Do konkretnego punktu dyrektora stanowego kampanii, radny okręgu zachodniego i syn stanu obuwia, senator Ronald L. Rice, upiera się, że osoba, która prowadzi kampanię w New Jersey, musi być dobra w operacjach oddolnych.

„Potrzebujemy kogoś, kto akceptuje rejestrację wyborców, widzi możliwości rozszerzenia rzeki i kto może uzyskać głos nie tylko na obszarach miejskich – ale w czerwonym New Jersey” – powiedział Rice. „Będziecie mieć swoje wybuchy w miejscach takich jak Princeton, ale chcemy udać się na obszary podmiejskie, gdzie się tego nie spodziewamy, i po prostu dołożyć tony sosu do tych podstawowych liczb Demokratów, co doprowadzi do osunięcia się ziemi”.

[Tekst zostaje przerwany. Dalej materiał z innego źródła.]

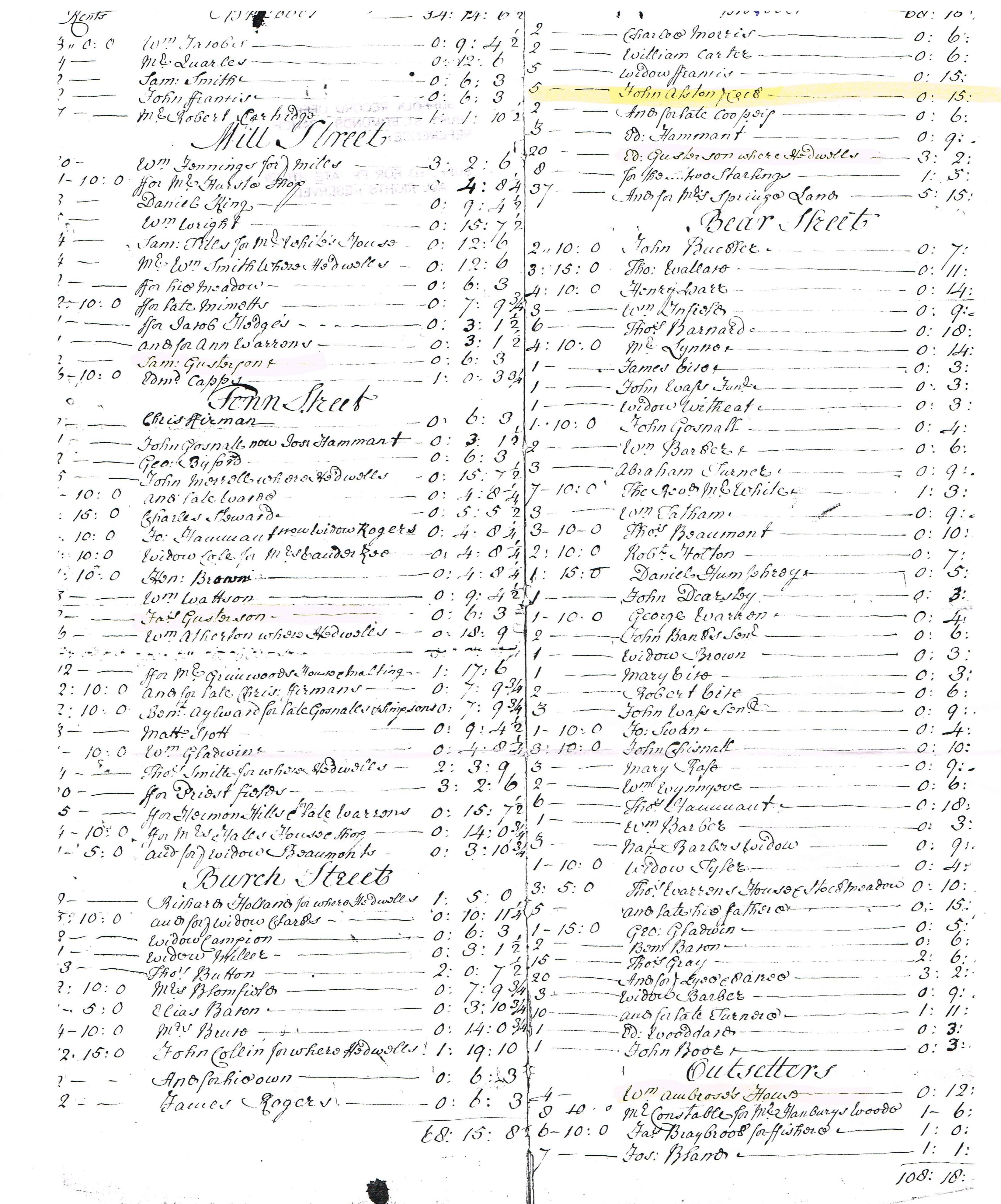 12. Tithe Payers (part) Nayland Village, 20 May 1750. Note John Alston at The Cock Burch St. Also other family members in the village. Bury RO HA541/2/5/3
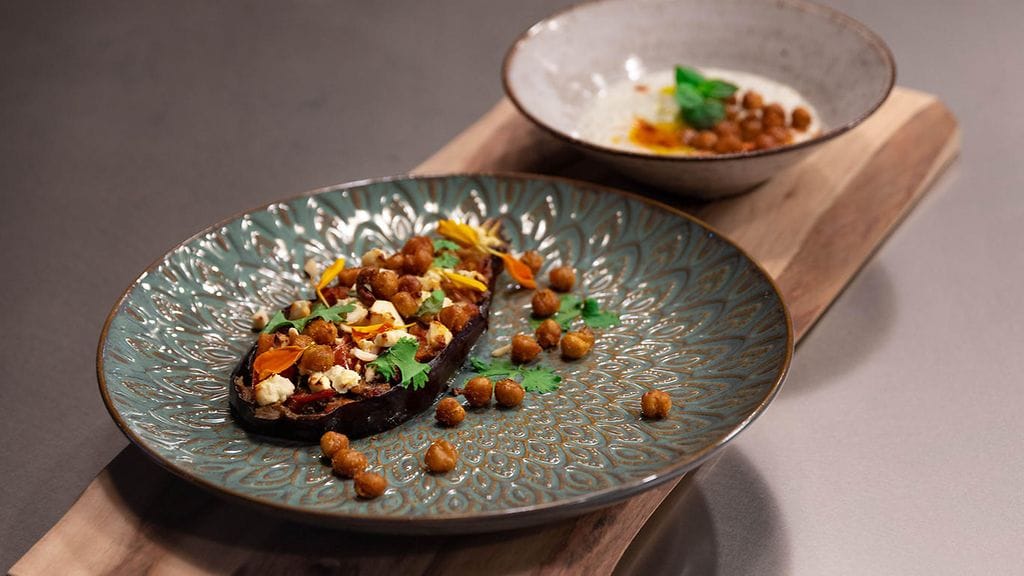 Huuhtele kikherneet, laita pellille ja mausta öljyllä, cayennepippurilla ja suolalla. Paahda uunissa 220 noin 25 min, jos herneet rupeavat räjähtelemään laita päälle leivinpaperi.
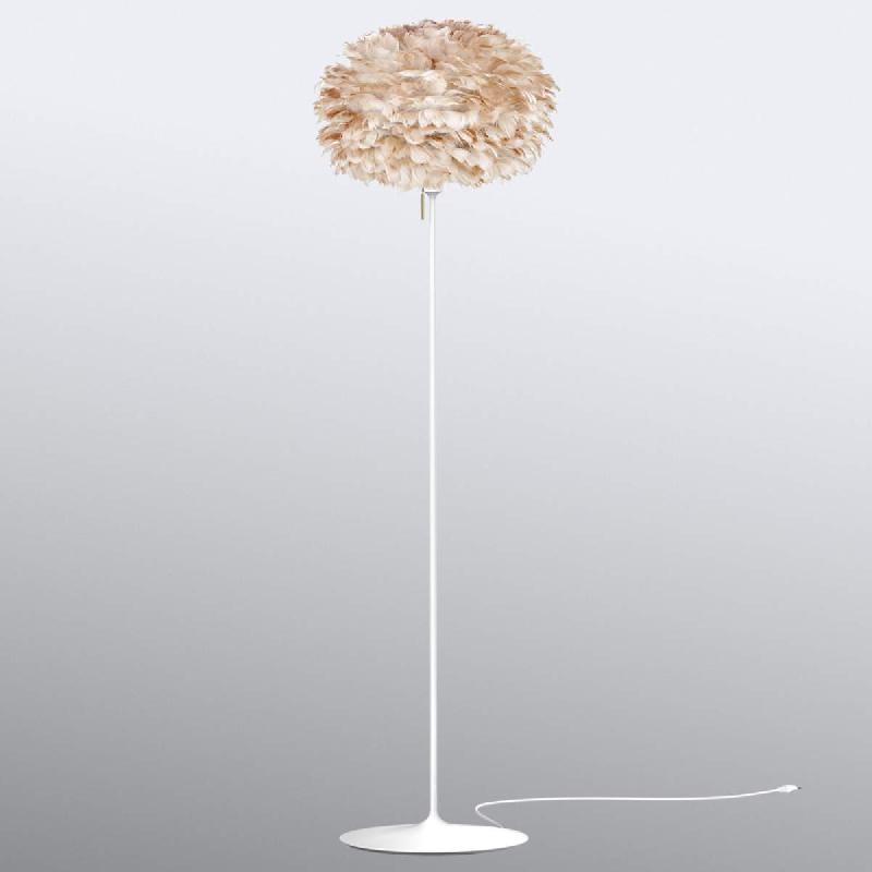 Un abat-jour marron clair en plumes orne le lampadaire Eos medium L\'abat-jour inhabituel en plumes du designer Søren Ravn Christensen et le pied de sol d\'Anders Klem, d\'une beauté intemporelle, forment une symbiose d\'un genre particulier pour le lampadaire Eos medium : La sobriété du piètement blanc élancé ne détourne en rien l\'attention de l\'aspect extravagant de l\'abat-jour. Il est composé d\'environ 1800 plumes d\'oie marron clair, collées sur une base en papier, ce qui donne un abat-jour qui dessine la lumière émise de manière particulièrement douce. Le lampadaire Eos medium s\'allume à l\'aide d\'un élégant interrupteur en laiton qui se trouve sous la douille sur la structure et constitue un accessoire décoratif supplémentaire. Un lampadaire qui s\'intègre parfaitement dans le portefeuille de produits de l\'entreprise de luminaires danoise UMAGE, dont la prémisse dans la fabrication de luminaires est le développement du design scandinave. - Si l\'abat-jour est sale, il suffit d\'enlever la poussière avec un sèche-cheveux. - Aucune plume d\'animal vivant n\'est utilisée.
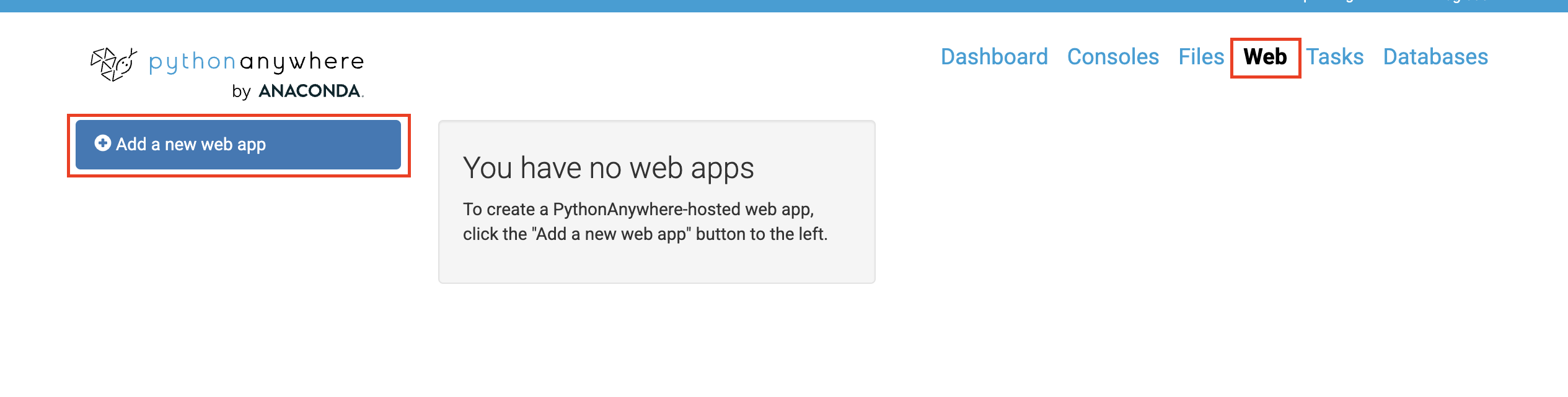 2. 홈페이지에서 web에 들어가서 "add a new web app" 선택

Podczas gdy konferencja odbywa się w tę i z powrotem między Chicago, Waszyngtonem i Trenton, uparcie trwała nad mianowaniem dyrektora stanowego, Rothman koncentrował się na tym, co, jak twierdzi, kampania już osiągnęła przed wyborami powszechnymi.

„Obecnie w stanie jest 10 opłacanych pracowników Obamy, którzy pracują nad docieraniem do wyborców i staraniami o rejestrację” – powiedział kongresman. „Wynajęta jest powierzchnia biurowa w Trenton, Cherry Hill i Hackensack. Obecnie w New Jersey działa również 95 stypendystów Obamy.

„Ci ludzie przeszli szeroko zakrojony program szkoleniowy i ściśle współpracują z Komitetem Demokratycznym Stanu New Jersey w celu zorganizowania setek tysięcy nowych Demokratów wygenerowanych w naszych prawyborach 5 lutego i zarejestrowania nowych wyborców”.